Durante meses, o presidente Donald Trump alimentou a fábula de que EUA e China estavam perto de um acordo para pôr fim à guerra comercial. Alguns twitts no início da semana passada, de repente, indicaram o exato oposto. Em nova escalada, os EUA elevaram para 25% as tarifas sobre US$ 200 bilhões em importações da China, e a China aumentou tarifas de 10% a 25% em 5,4 mil produtos provenientes dos EUA. O governo americano abriu consulta pública para a taxação do total de importações vindas da China, ou US$ 505 bilhões. Com a reviravolta, os mercados acionários americanos perderem US$ 3 trilhões em valor de mercado em um dia.
Os EUA não contavam com a reação imediata de Pequim, cujo padrão de comportamento não é impulsivo, como o de Trump. A China estava preparada para isso porque as negociações indicavam que o governo americano se preparava para dobrar a aposta. A equipe dos EUA, chefiada pelo falcão Robert Lighthizer, justificou a nova rodada de tarifas pelo recuo na disposição chinesa nas promessas de mudar a legislação para garantir o respeito à propriedade intelectual, abrir seu mercado de computação em nuvem e de outros setores, e reduzir o que os EUA consideram subsídios, os empréstimos feitos pelos bancos estatais às indústrias do país.
A versão chinesa das divergências é outra. "O chapéu que violou promessas não está absolutamente na cabeça da China", indicou ontem o Ministério das Relações Exteriores, para quem os EUA "aumentaram arbitrariamente o preço pedido", isto é, exigiram que a China elevasse o volume de compras de bens americanos. Os chineses se recusaram a aceitar a proposta dos EUA para encerrar a guerra tarifária após um eventual acordo, que - algo incomum - não estabeleceria um árbitro para resolver disputas. Os EUA pretendem manter as tarifas até que a China dê mostras de que está cumprindo o acertado, o que Pequim não aceita. Assim como rejeita a proposta de que não poderão se defender, retaliar os EUA caso elevassem novamente as tarifas. Segundo o vice-premiê chinês Liu He, que comandou as reuniões com os EUA, sempre ficou claro que a China não faria concessões em "questões de princípio".
As perdas dos EUA e China vão aumentar a partir de agora.
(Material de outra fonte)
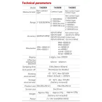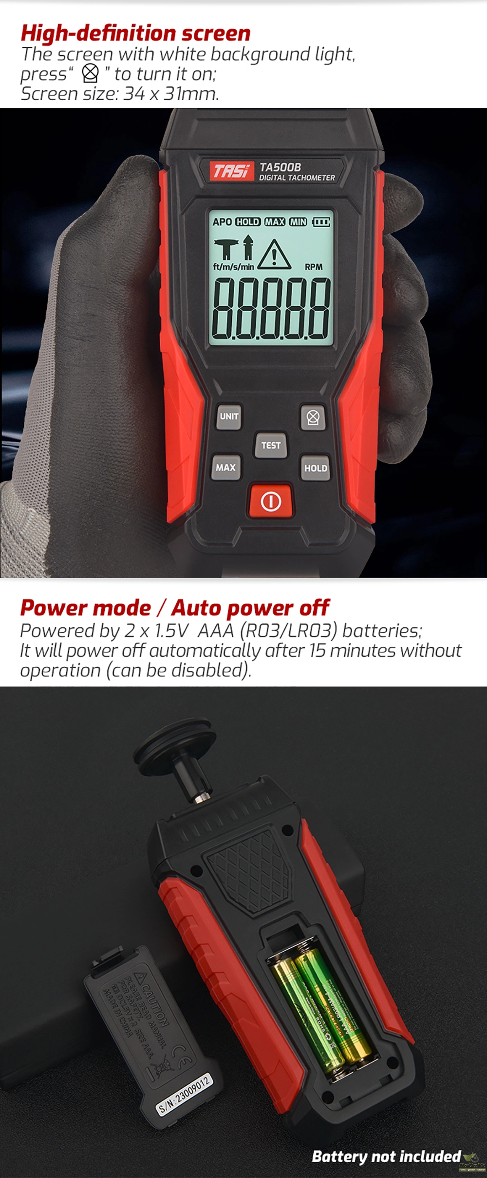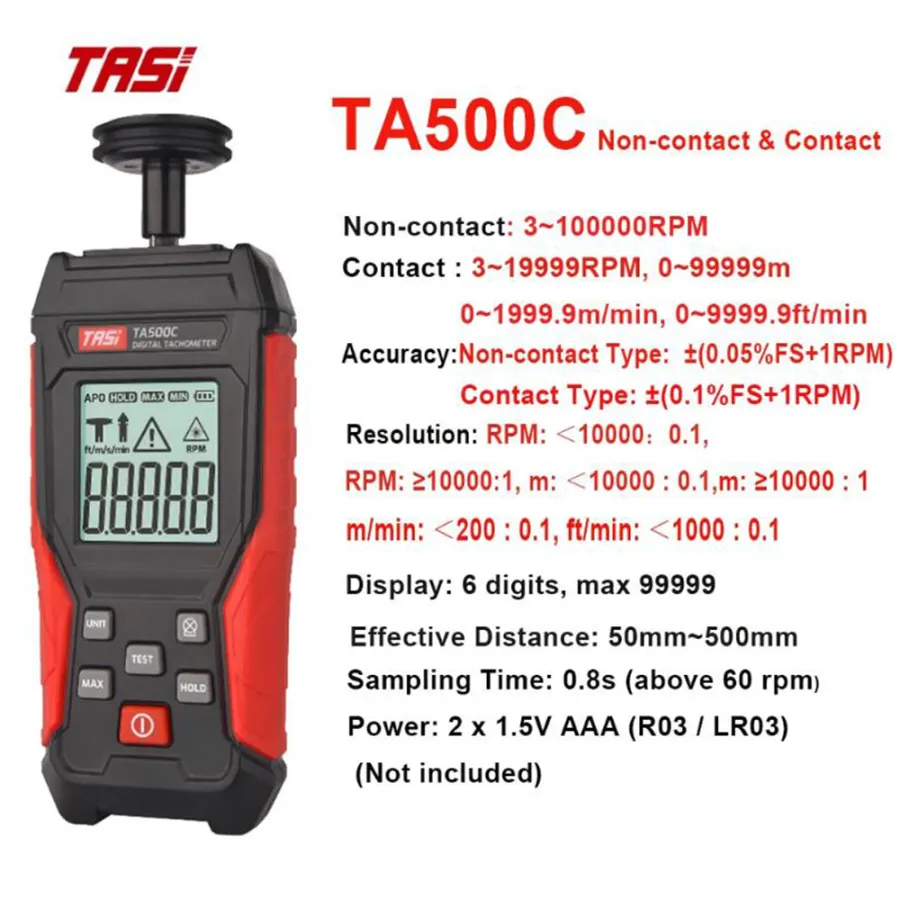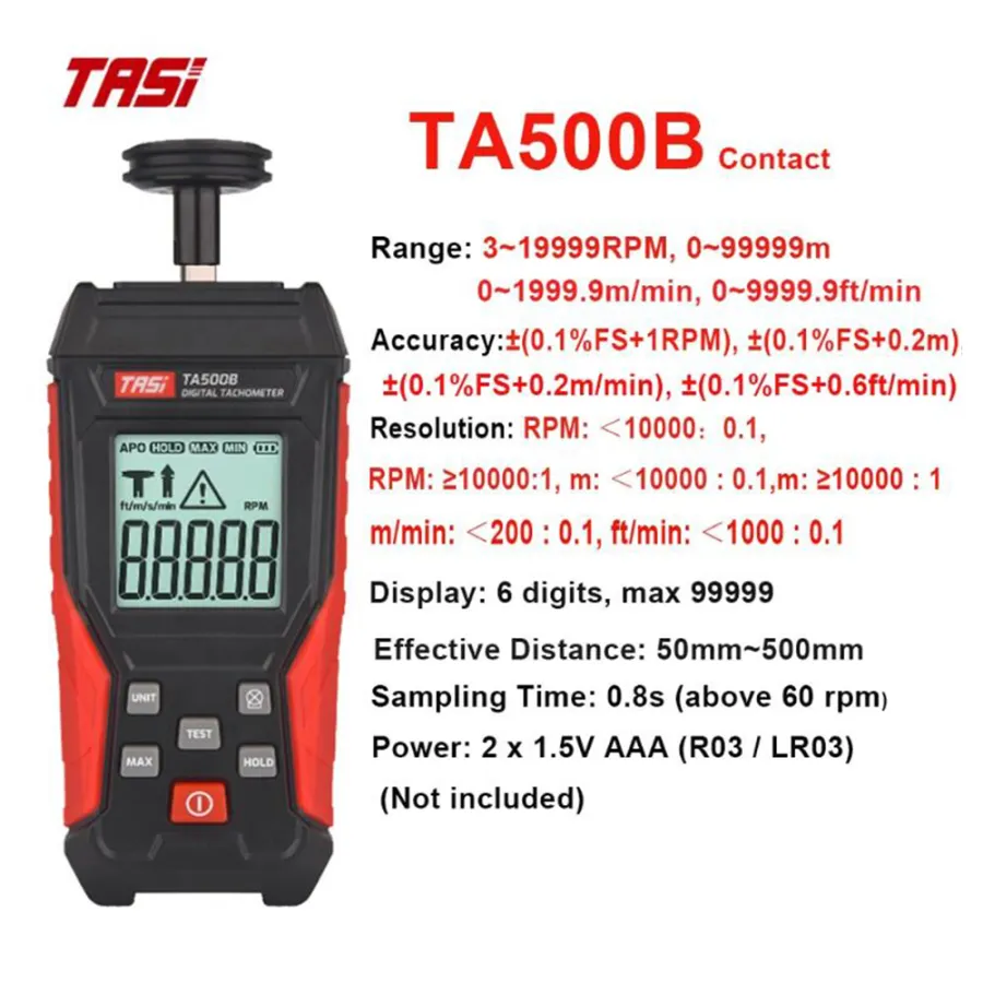 TA500B: Contact: 3~19999RPM, 0~99999m, 0~1999.9m/min, 0~9999.9ft/min

A China leva desvantagem por ser uma economia com maior grau de abertura do que os EUA. No primeiro trimestre, as exportações para o mercado americano caíram 9% (US$ 45 bilhões) e as dos americanos para seu mercado recuaram 30% (ou US$ 39 bilhões). As vendas externas são apenas 4% do PIB dos EUA, e de 18% do PIB chinês (35% em 2006).
Os efeitos negativos são, porém, mais amplos do que os que envolvem US$ 660 bilhões do comércio bilateral, uma fração dos US$ 22 trilhões das trocas globais. Em um ambiente de desaceleração mundial, o acirramento da disputa tende a produzir mais tempestades financeiras. Pesquisa do Bank of America Merrill Lynch divulgada ontem aponta que a guerra comercial é o principal risco percebido pelos gestores de recursos, que aumentaram o hedge de suas apostas.
Além disso, os investidores já contam com o início do corte dos juros pelo Federal Reserve, diante do esperado esfriamento da economia. Trump, com seu pensamento peculiar, disse ontem que o Fed deveria mesmo fazer isso em resposta a uma ação na mesma direção que a China tomará para se livrar da pressão americana sobre sua economia.
Não se sabe ao certo o que os EUA pretendem realisticamente obter da China. A disputa é, na essência, pelo predomínio econômico global, que se dará com o desenvolvimento competitivo de novas tecnologias, às quais os EUA pretendem impedir os chineses de terem acesso. As tarifas são um meio inapropriado e caro de se chegar a isso. Da mesma forma, não é factível esperar que a China desmonte os instrumentos de sua política exitosa de inserção global só porque o governo americano não gosta dela. Uma pressão multilateral sobre a China, na Organização Mundial do Comércio - para a qual existe amplo apoio em pontos como respeito à propriedade intelectual - traria provavelmente mais resultados e menos danos. Mas a OMC foi deixada de lado.
Nesta disputa entre dois gigantes econômicos, sensatez e racionalidade poderiam delimitar um campo comum nos quais os rivais admitem continuar a disputar hegemonia. De Trump, já de olho na reeleição, não se pode esperar muito. Ele tanto é capaz de aceitar algumas concessões de Pequim como trunfo como tentar dobrar os chineses com um duro cerco comercial. A primeira hipótese ainda é a mais provável.